Work item
Below are the records to retype. Keep every character exactly and leave out the pictures.

The input
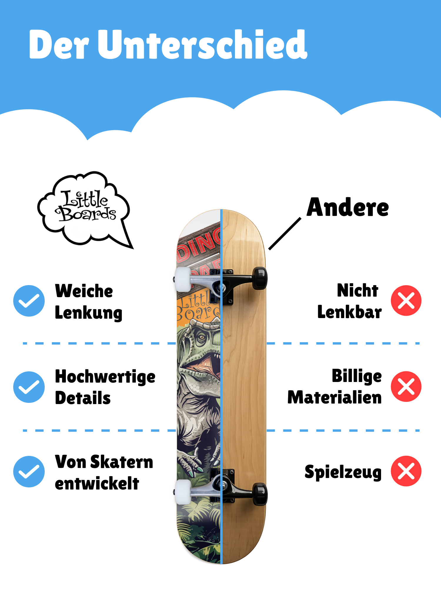 Deshalb sind die Kinder Skateboards von "Little Boards" Kleiner proportioniert und den Bedürfnissen der Kids angepasst.
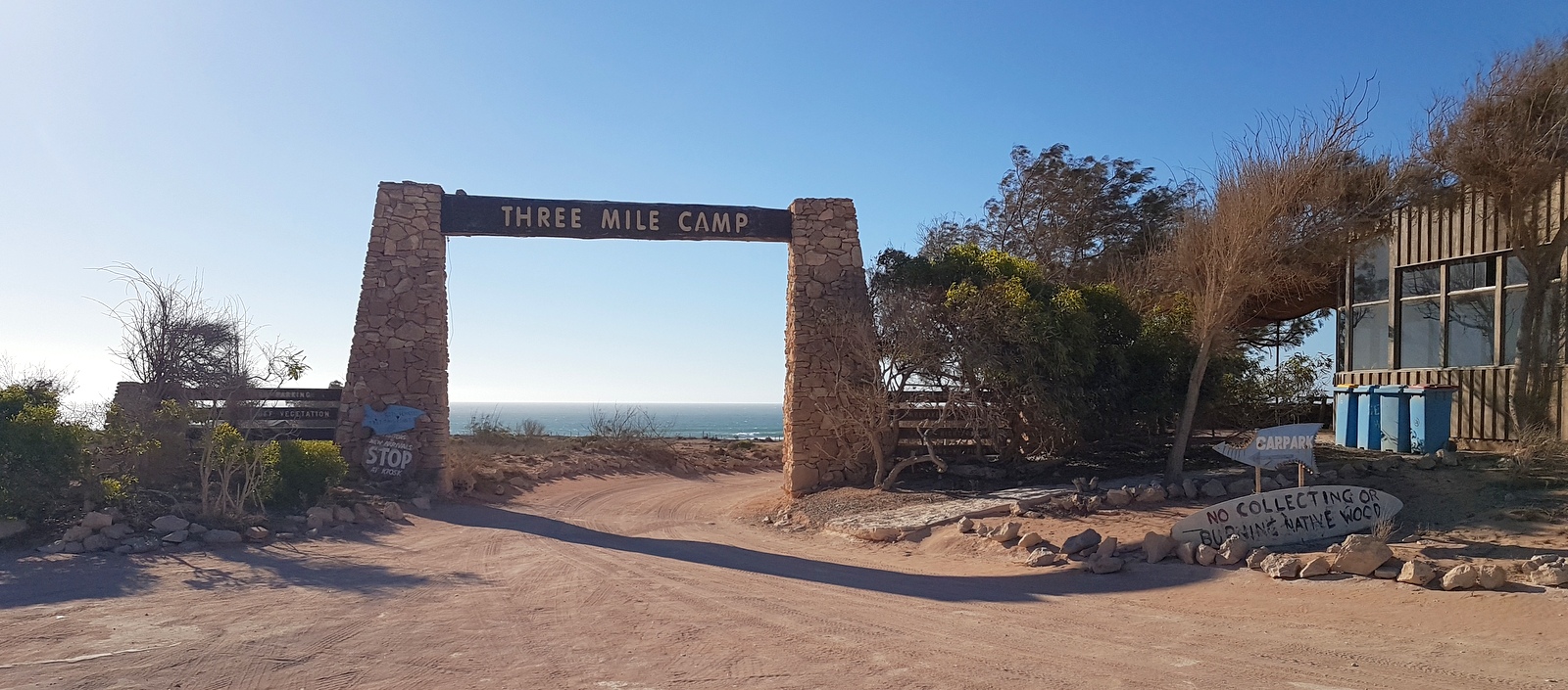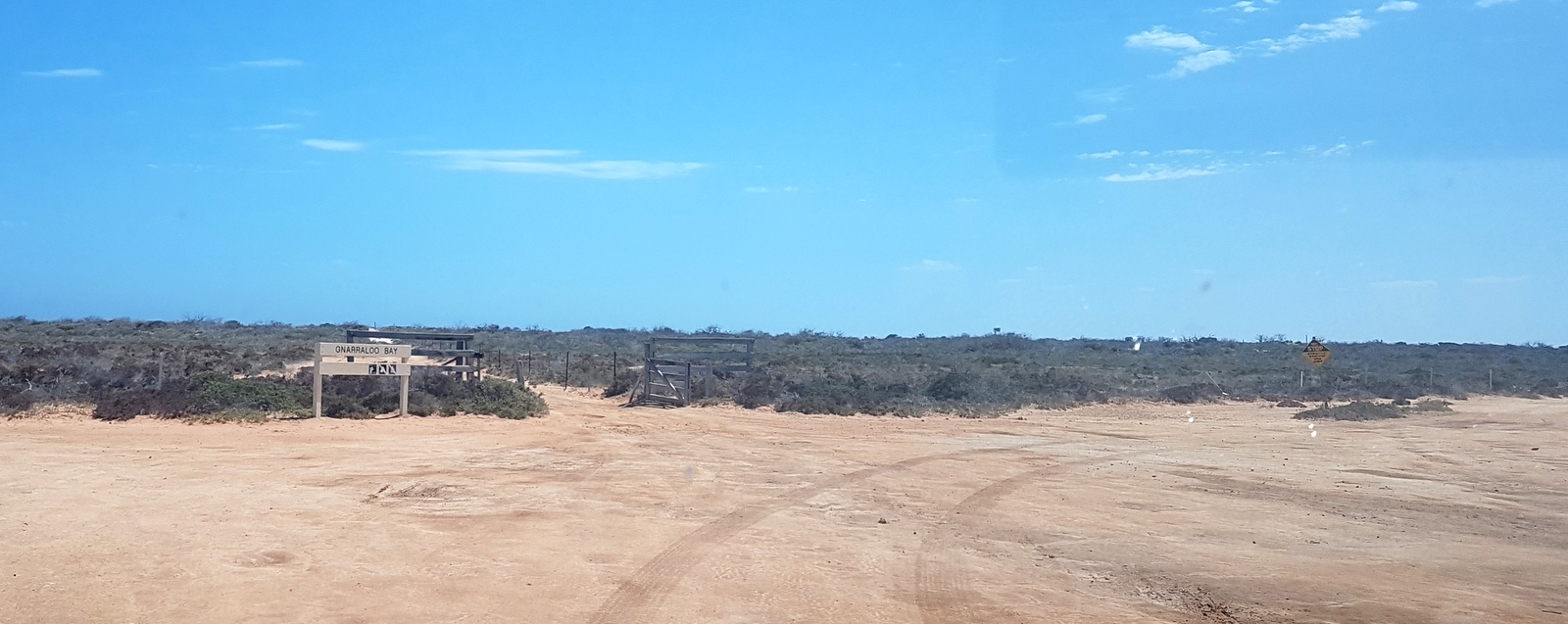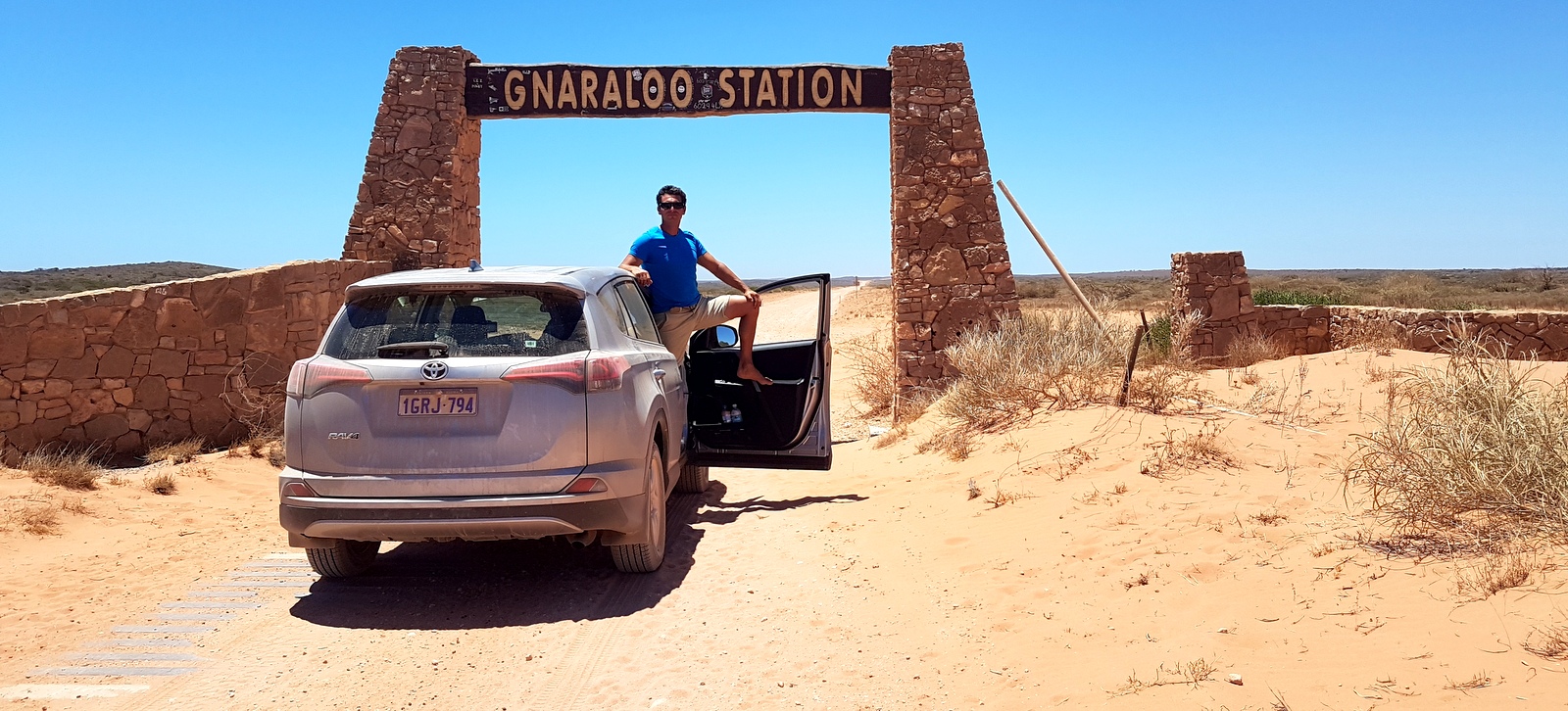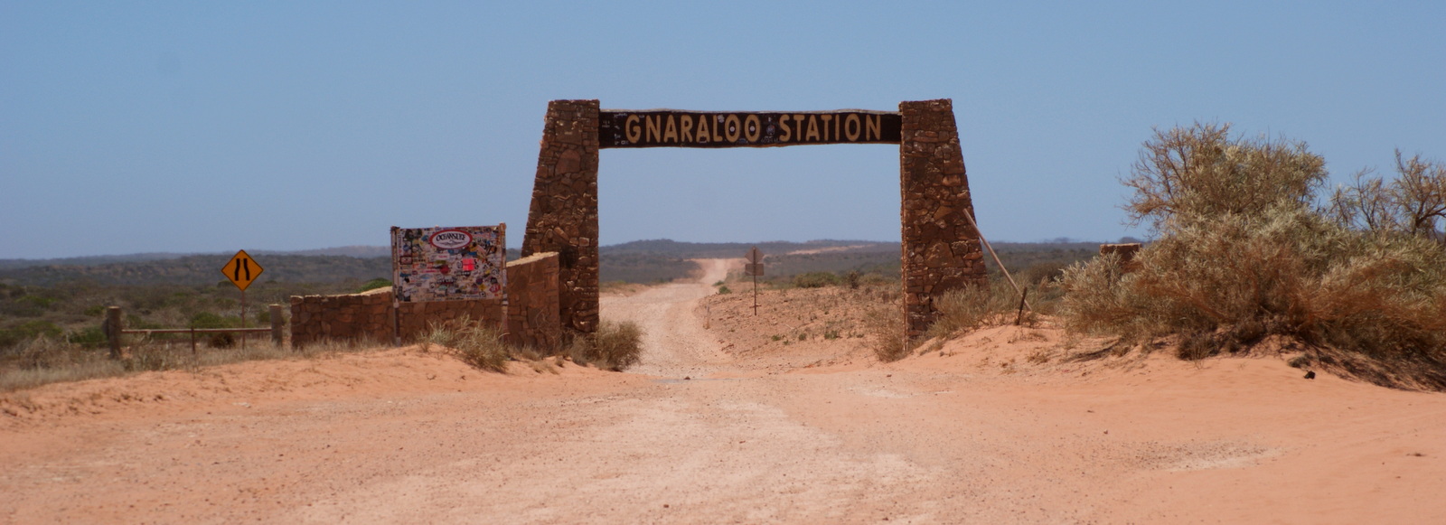 C’est au Red Bluff que commence le Ningaloo Reef et peu après Gnaraloo Station matérialisée par une arche en pierre au dessus de la piste…
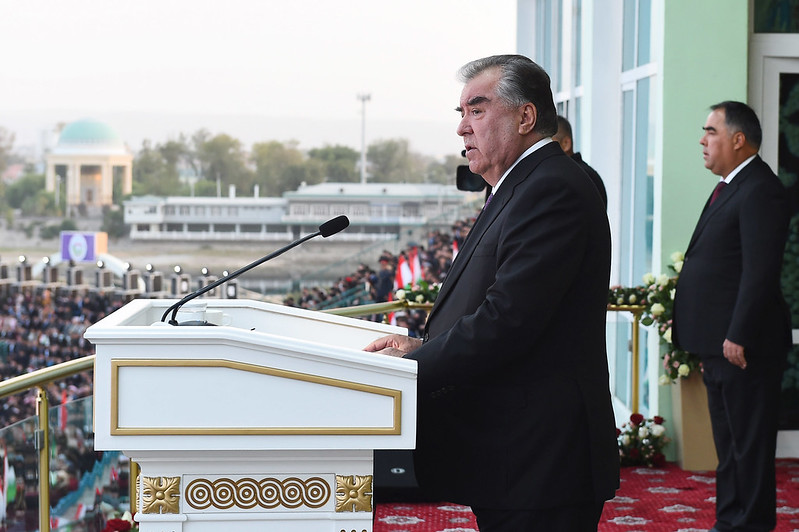 Суханронии Пешвои миллат Эмомалӣ Раҳмон дар варзишгоҳи марказии шаҳри Хуҷанд
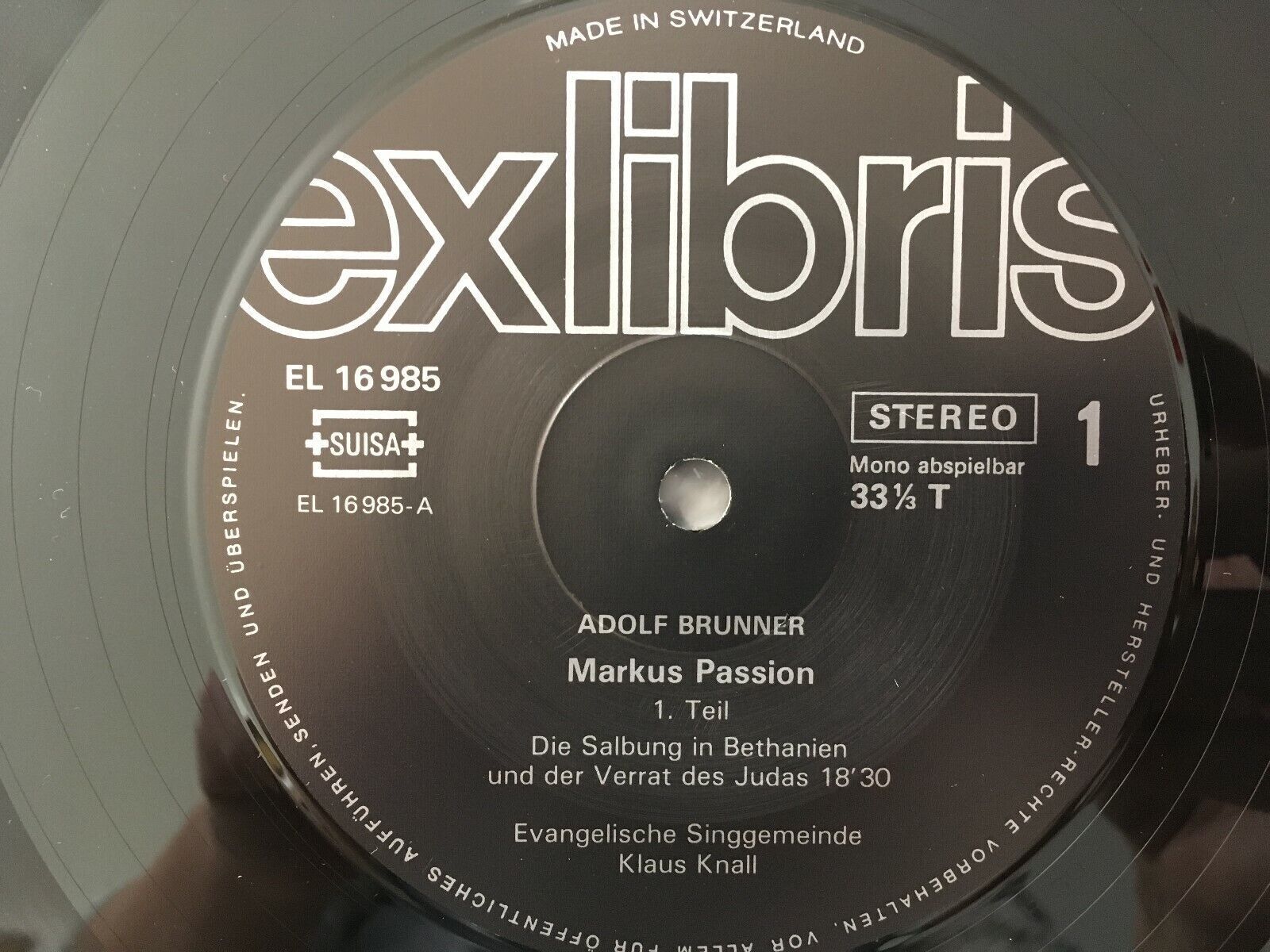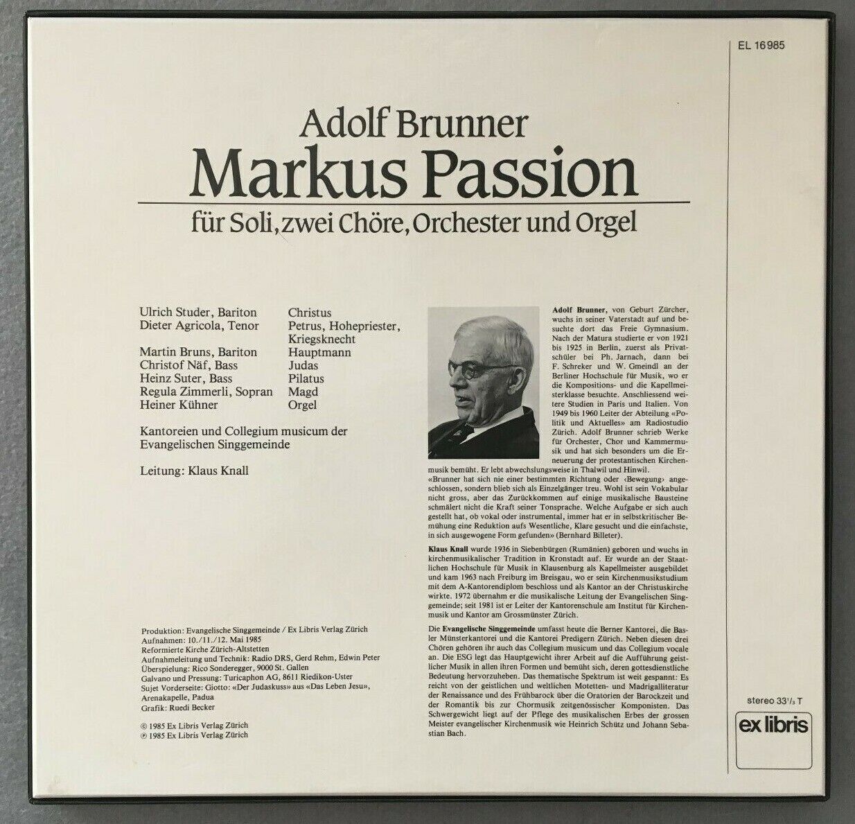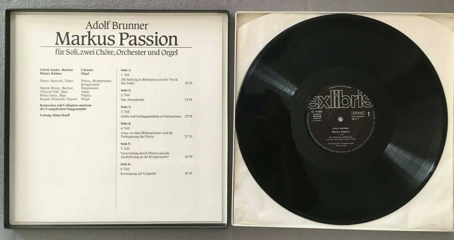 B665 Brunner St. Markus Passion Knall 3LP Ex Libris EL 16 985 Stereo Swiss
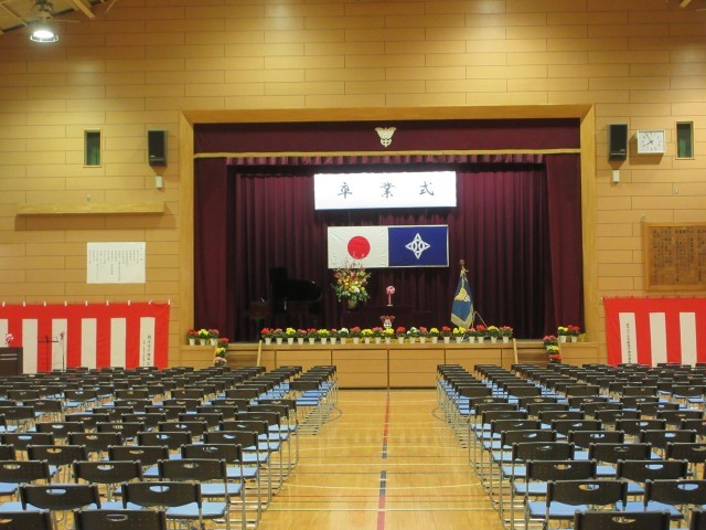 朝方の雨も上がり、卒業式の朝を迎えました。会場の準備は整っています。式は10時開式です。9年生のみなさん、中学校生活の集大成として、これまでの成長の証を保護者、地域の方に披露してください。
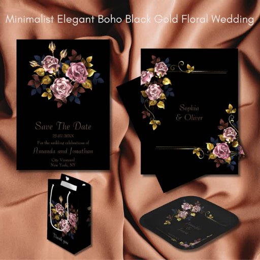 Minimalist Elegant Boho Black Gold Floral WeddingDesignt von Reviva Sisters
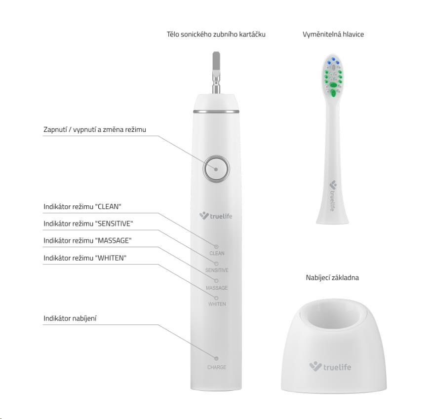 V každém balení TrueLife SonicBrush Compact Duo naleznete 4 hlavice Standard. Doporučujeme každé 3 měsíce zubní hlavici vyměnit za novou. V nabídce naleznete tři typy. Pokud máte zuby příliš citlivé, vyzkoušejte hlavice Sensitive, které jsou vhodné i pro děti od 7 let. Pro co nejbělejší úsměv se vám určitě hodí hlavice Whiten.

Answer box
 Deshalb sind die Kinder Skateboards von "Little Boards" Kleiner proportioniert und den Bedürfnissen der Kids angepasst.
 C’est au Red Bluff que commence le Ningaloo Reef et peu après Gnaraloo Station matérialisée par une arche en pierre au dessus de la piste…
 Суханронии Пешвои миллат Эмомалӣ Раҳмон дар варзишгоҳи марказии шаҳри Хуҷанд
 B665 Brunner St. Markus Passion Knall 3LP Ex Libris EL 16 985 Stereo Swiss
 朝方の雨も上がり、卒業式の朝を迎えました。会場の準備は整っています。式は10時開式です。9年生のみなさん、中学校生活の集大成として、これまでの成長の証を保護者、地域の方に披露してください。
 Minimalist Elegant Boho Black Gold Floral WeddingDesignt von Reviva Sisters
 V každém balení TrueLife SonicBrush Compact Duo naleznete 4 hlavice Standard. Doporučujeme každé 3 měsíce zubní hlavici vyměnit za novou. V nabídce naleznete tři typy. Pokud máte zuby příliš citlivé, vyzkoušejte hlavice Sensitive, které jsou vhodné i pro děti od 7 let. Pro co nejbělejší úsměv se vám určitě hodí hlavice Whiten.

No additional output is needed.